Judy Cyr watched a 1,000-pound slab of granite get hoisted with pulleys into her new screened-in porch. That was followed by two pieces weighing 400 pounds each and a final piece weighing in at 800 pounds. Together these huge stones form the hearth, sides and top of one spectacular fireplace. And that’s before counting the 4,000 additional stones shipped in from five continents, intricately arranged to complete a swirling, 16-foot-tall magical work of art.
Cyr bought her Minnetonka home in 2003. The original plans included a screened porch that was never built. “When we decided to build the porch,” Cyr says, “I asked builder Russ Bolten to recommend a fireplace mason.”

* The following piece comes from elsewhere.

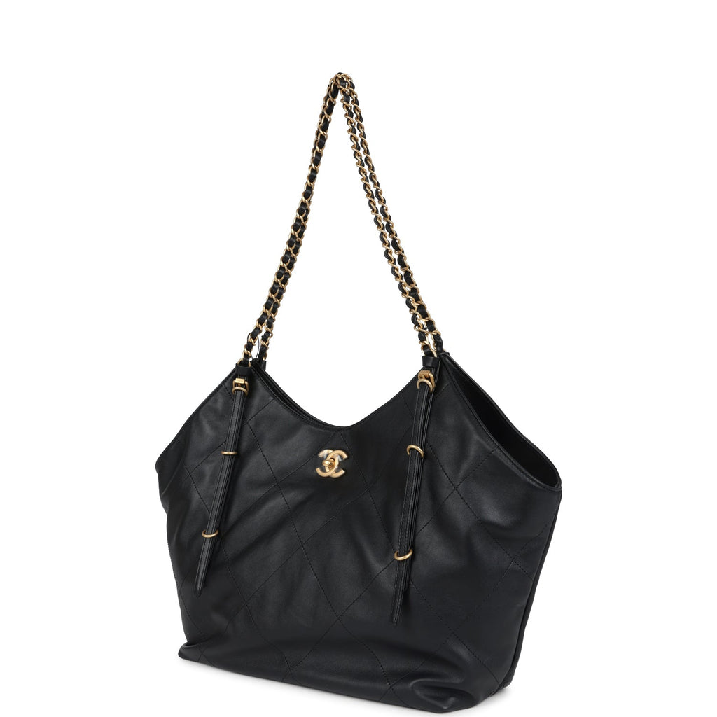 Chanel Small Coco Shopping Bag Black Calfskin Antique Gold Hardware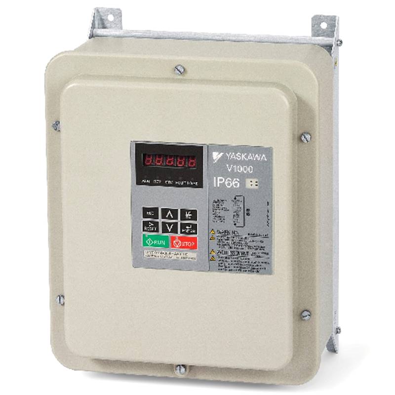 Variateur de fréquence V1000, 3x 380-480V, ND: 2,1 A 0,75 kW, HD: 1,8 A 0,4 kW, IP66 avec console opérateur

Bolten says, “Judy showed me a picture of a smaller-scale fireplace she’d clipped from a magazine, which had stones arranged in a whirled pattern. I told her I knew a mason named Dan Peterson of Peterson Masonry Design in Maple Plain and showed her a picture of a fireplace he’d done in Excelsior with lighting and a water feature. She saw that and knew Dan was the right guy.”

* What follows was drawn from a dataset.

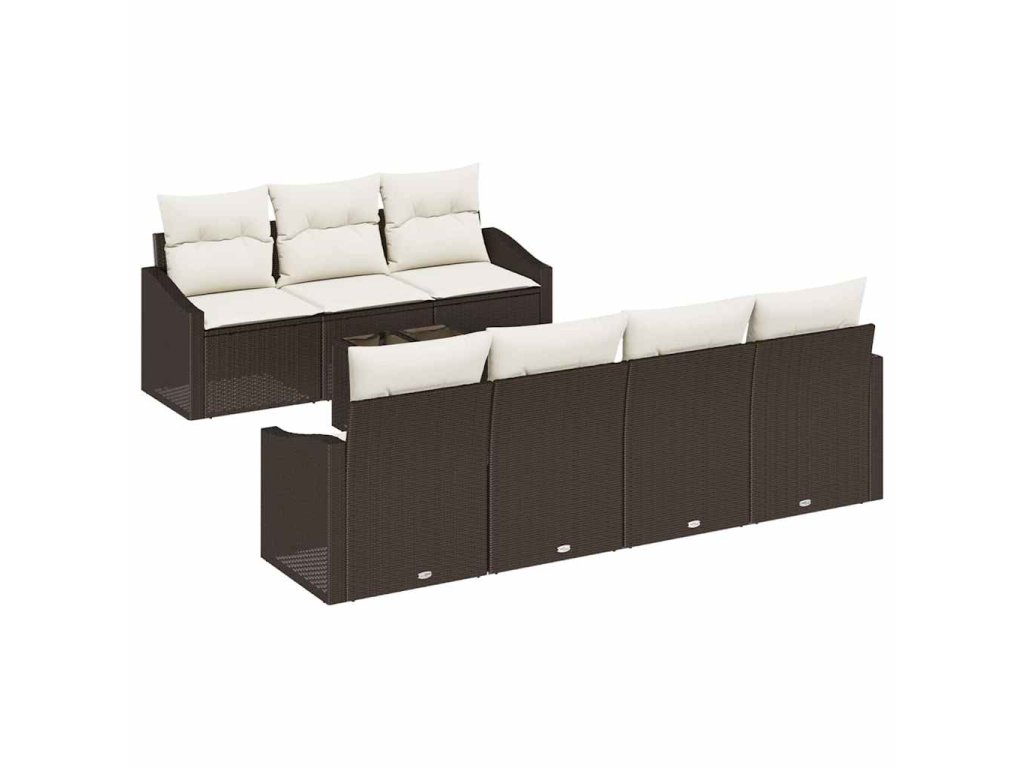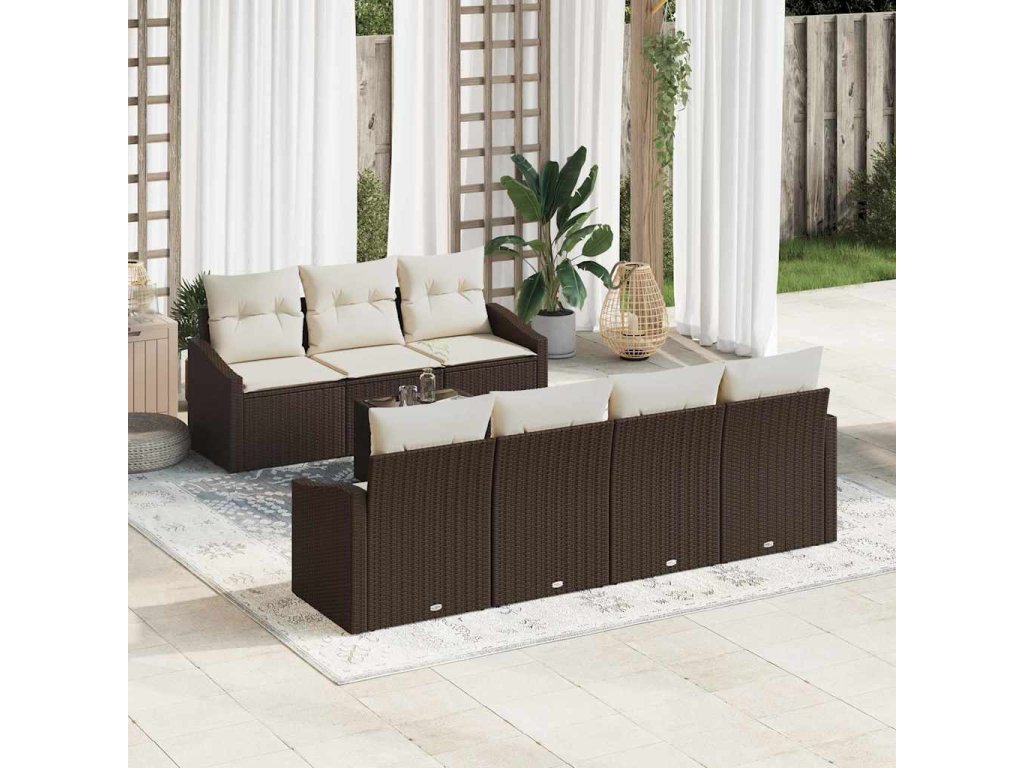 Set pohovek s polštářem 8 pcs Hnědá a krémová polyratan 3346628

“I thought we might use imitation stones,” Cyr says, “but Dan had bigger ideas. Better ideas. I let him be creative, and the porch project turned into something completely different than I imagined—something amazing.”
Peterson has been a mason since the mid-1990s and started Peterson Masonry Design in 2002. He creates mostly custom work with artisan stone, stained glass, fossils and geodes. “I tend to think creatively about things,” Peterson says. “I’m inspired by nature, and my favorite medium is stone because it’s functional. You can build a fireplace or a whole house from stone. It’s an art form that is more than a two-dimensional expression.”

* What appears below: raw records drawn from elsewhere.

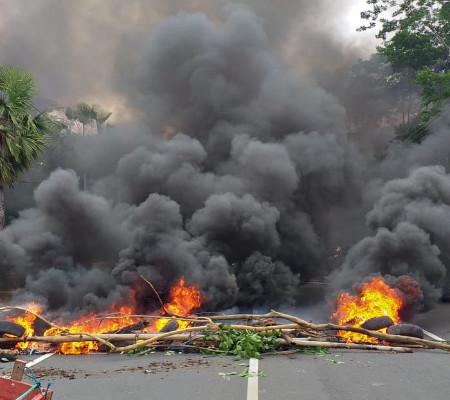 Carroças, restos de podas de árvores e pneus estão sendo incendiados e interditam a pista.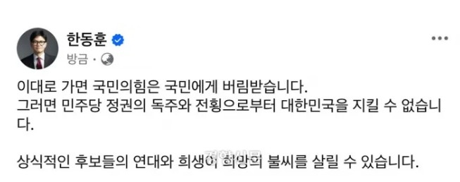 한 전 대표는 16일 자신의 SNS에 글을 올려 :상식적인 후보들의 연대와 희생이 희망의 불씨를 살릴 수 있다"며 "이대로 가면 국민의힘은 국민에게 버림받고 민주당 정권의 독주와 전횡으로부터 대한민국을 지킬 수 없다"고 밝혔다.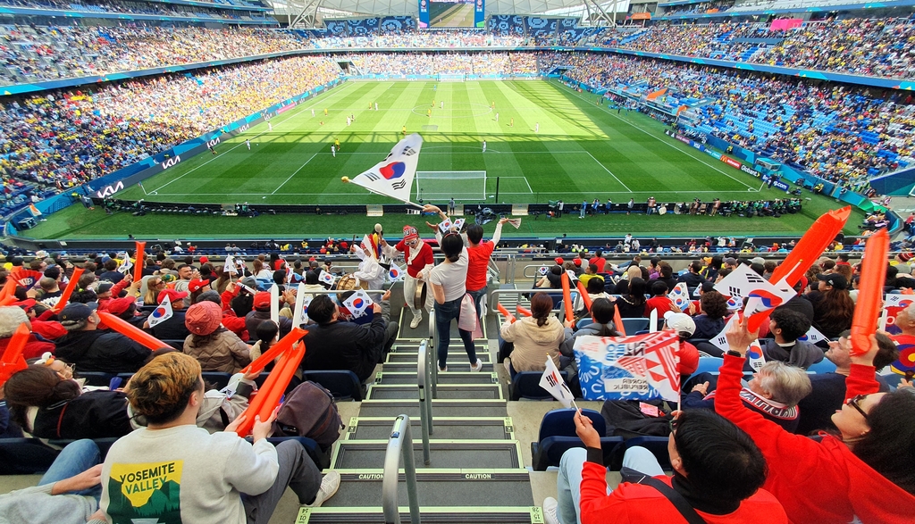 | ▲ 2023 FIFA 호주·뉴질랜드 여자월드컵 한국·콜롬비아 경기 (시드니=연합뉴스) 정동철 통신원 = 2023 FIFA 호주·뉴질랜드 여자월드컵 한국·콜롬비아 경기에서 한국 관중들이 열렬하게 응원하고 있다. 2023.7.25. dcj@yna.co.kr |

For Cyr’s project, Peterson began with a general concept based on her picture. He obtained the hand-quarried granite hearthstones from a quarry in Canada. The remaining stones were obtained through worldwide sources. “I began from the bottom,” says Peterson. “Some areas were pre-planned; others I created along the way. My goal was to make each area interesting but keep the entire structure coherent. I tried to give it a sense of motion, like it’s alive. I imagine generations being inspired by this work.”
Those distinctive points of interest include embedded crystals and candle nooks with inlaid amethyst geodes. During construction, Peterson also laid thousands of fiber-optic strands into the stone. The strands track back to an LED light box that can change and control the color, intensity and pattern of the lights. Each strand isn’t much thicker than a human hair, which means they can’t be seen unless they’re turned on—but flip the switch and they can twinkle like stars. They can even be connected to a sound system and pulse to the rhythm of music.
A mantel made from an old tree from West Virginia is supported by iron pieces twisted into whimsical branch-like shapes. Additional granite pieces provide bench seating along the windows. The outdoor aesthetic is maintained throughout the porch with a barn wood-plank floor from a Lonsdale lumber supplier, a beadboard ceiling and wainscoting along the walls.
An architect once asked Peterson if he ever builds anything simply straightforward. Peterson says, “If I stop dreaming of new and creative things to do in masonry, it will be time to do something else.”